One learning point for me was (or is) the College and University relationship at Durham.  It is a great addition to the university experience.  If you are considering a school like this, I offer my experiences, thus far.

When you apply to Durham University of a Postgraduate Research Doctoral Degree (that’s my degree) you must submit a research proposal including a topic, research plan, and proof of writing/research ability.  When you application is accepted, you are assigned two research supervisors and an academic department.  After you accept your place in the University, you are then asked to make application to a college.

Your college will be a center of your educational experience throughout your academic career.  You are enrolled at the University, a student of a department, and a member of a college.  Choosing St. John’s College was easy for me.  At the beginning of the academic year, the college holds a matriculation service for its students.  I signed my name in the matriculation book, as all St. John’s students have before me and all will after me, as a contract between me and the College.  We have a mutual agreement and commitment to this journey ahead.

The University holds its own Matriculation Day.  On this day all the new students are formerly matriculated into the University in a ceremony at the Cathedral.  I was one of 40 postgraduate students from St. John’s who was matriculated into the University.  A representative from our college signs the University matriculation book on our behalf, making a similar promise as the one we make with College.

There are 16 Colleges at Durham.  Each of them has their own unique culture and community.  For example, University College is housed in the Castle.  It was the first College and student housing is in the keep and they have their meals in the Great Hall.

My college is St. John’s College.  Founded in 1909 St. John’s one of the smallest colleges in Durham.  St. John’s is on the Bailey, which is itself a part of the Castle complex.  It is housed just a short distance from the Cathedral.  St.

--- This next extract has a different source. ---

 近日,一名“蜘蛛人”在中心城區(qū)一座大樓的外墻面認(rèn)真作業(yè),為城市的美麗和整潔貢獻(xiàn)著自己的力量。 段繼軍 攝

John’s was founded as a theological college and though it is no longer exclusive to theological students, it maintains this culture.

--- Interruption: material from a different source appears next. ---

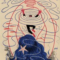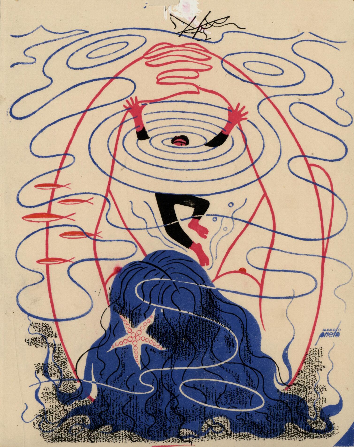 Una mujer de espalda, de la que solamente se ve su cabellera de color azul, observa como un chico con el traje negro y sus extremidades rojas, se esta ahogando envuelto en una extraña atmósfera creada por líneas azules circulares y onduladas, que representan el agua, así como también de color rojo que representan los brazos de la mujer que lo están atrayendo hacia ella.Prueba de imprenta. Ilustración realizada para la revista semanal Novelas y Cuentos. Titulo: El pescador de Islandia. Autor: Pierre de Loti. Nº publicado: 1026. Fecha: 07-01-1951. Tomo NC.: 35

The motto, I think, sums up St. John’s culture: Fides Nostra Victoria, Faith is Our Victory.  St. John’s has a unique relationship and strong ties with Cranmer Hall and the Wesley Study Centre, which prepares future Anglican and Methodist clergy, respectively.  St. John’s is the logical choice for students of Theology at Durham University.

So your college membership is not limited to your field of study.  Instead the college brings people from various backgrounds, study interests, and goals to a common ground.  This provides for some interesting opportunities.  

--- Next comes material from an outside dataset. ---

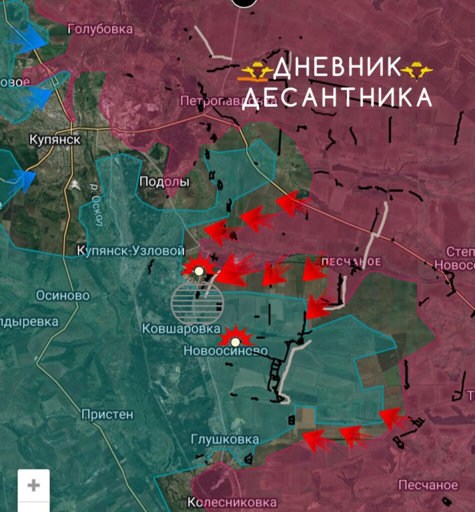 Линия боевых действий также расширена и в Ковшаровке, где идут бои за территорию пром предприятий. Со стороны обоих Песчаных бойцы 272-го полка и 47-й танковой дивизии ведут бои за опорные пункты, которые прикрывают восточные окраины Глушковки и Новоосиново, — невник Десантника.

Many undergraduates live at St. John’s and work alongside Anglican Ordinands, Methodist Ordinands, post-graduate master’s students, PhD students of all disciplines.  Georgian era houses along the River Wear make up St. John’s buildings.  This provides for living and learning spaces and a strong theological library. 

St. John's College sits on the Bailey along the River Wear.

St. John’s College sits on the Bailey along the River Wear.